The company has issued 360,000,000 placing shares and 32,136,000 WRAP retail offer shares.
In addition, the company is also issuing 120,000,000 conversion shares at the same price.
As disclosed in the company's circular dated 8 May 2025 for the purposes of the City Code on Takeovers and mergers (Takeover Code) certain persons, comprising S-Ventures plc and Scott Livingston and his close relatives, held in aggregate an interest in 35.14% (so >30%) of the company's then issued share capital, were deemed to be acting in concert.
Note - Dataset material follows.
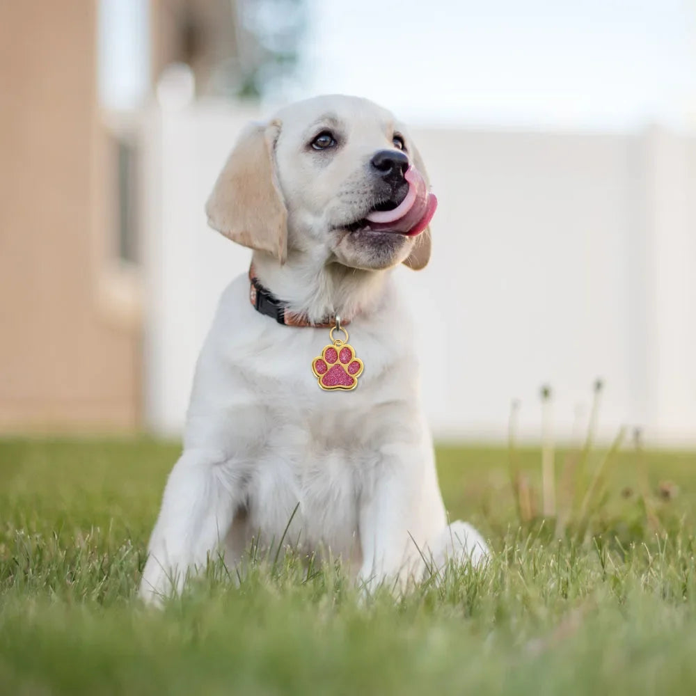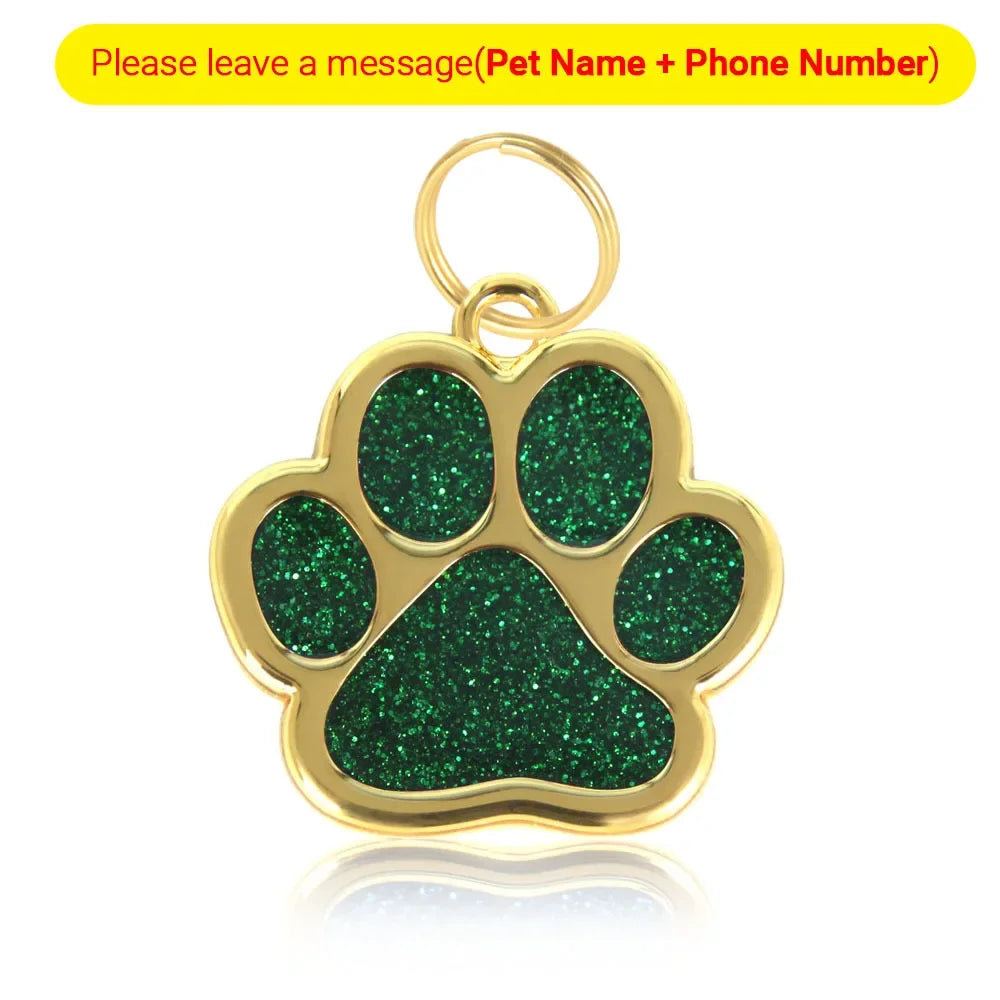 Personalized Glitter Paw Custom Engraved Pet Tag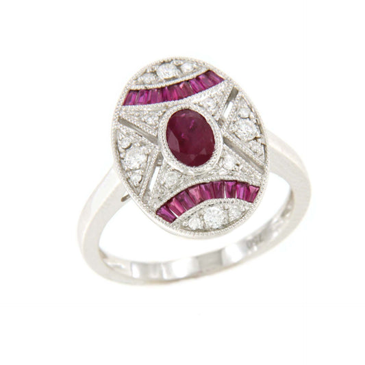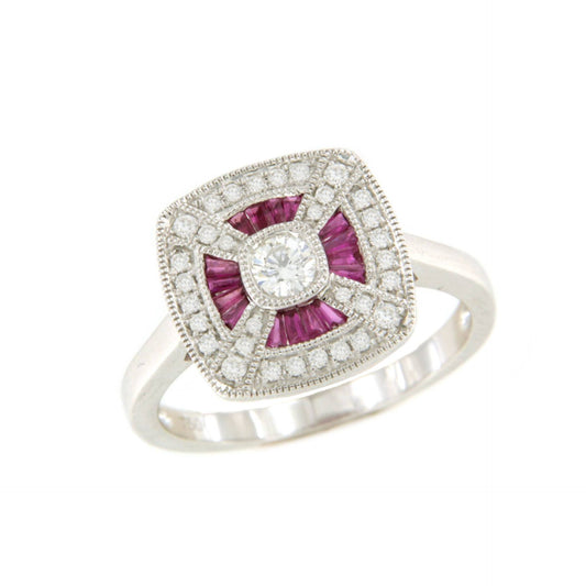 ANIS ring in 18k white gold with diamonds and ruby accents

As a result of the latest placing, conversion and WRAP retail offer, as from 16 February 2026, the aggregated concert party interest in the enlarged issued share capital of the company will be 32.44%. Accordingly, given that the aggregate concert party interest is below 50% level but the concert party will continue to hold more than 30% of the voting rights of the company, any further purchase by a concert party member would trigger an obligation to make a mandatory takeover offer under Rule 9 of the Takeover Code.
An offer under Rule 9 of the Takeover Code must be made in cash and at the highest price paid by the person required to make the offer during the 12 months prior to the announcement of the general offer.
View from Vox
Tooru’s £980,000 raise at 0.25p bolsters near-term funding but adds further dilution through the placing, WRAP retail offer and conversion shares. Meanwhile, the updated concert party position at 32.44% keeps the group above the 30% Takeover Code threshold, meaning any further buying by a concert party member could force a cash offer under Rule 9.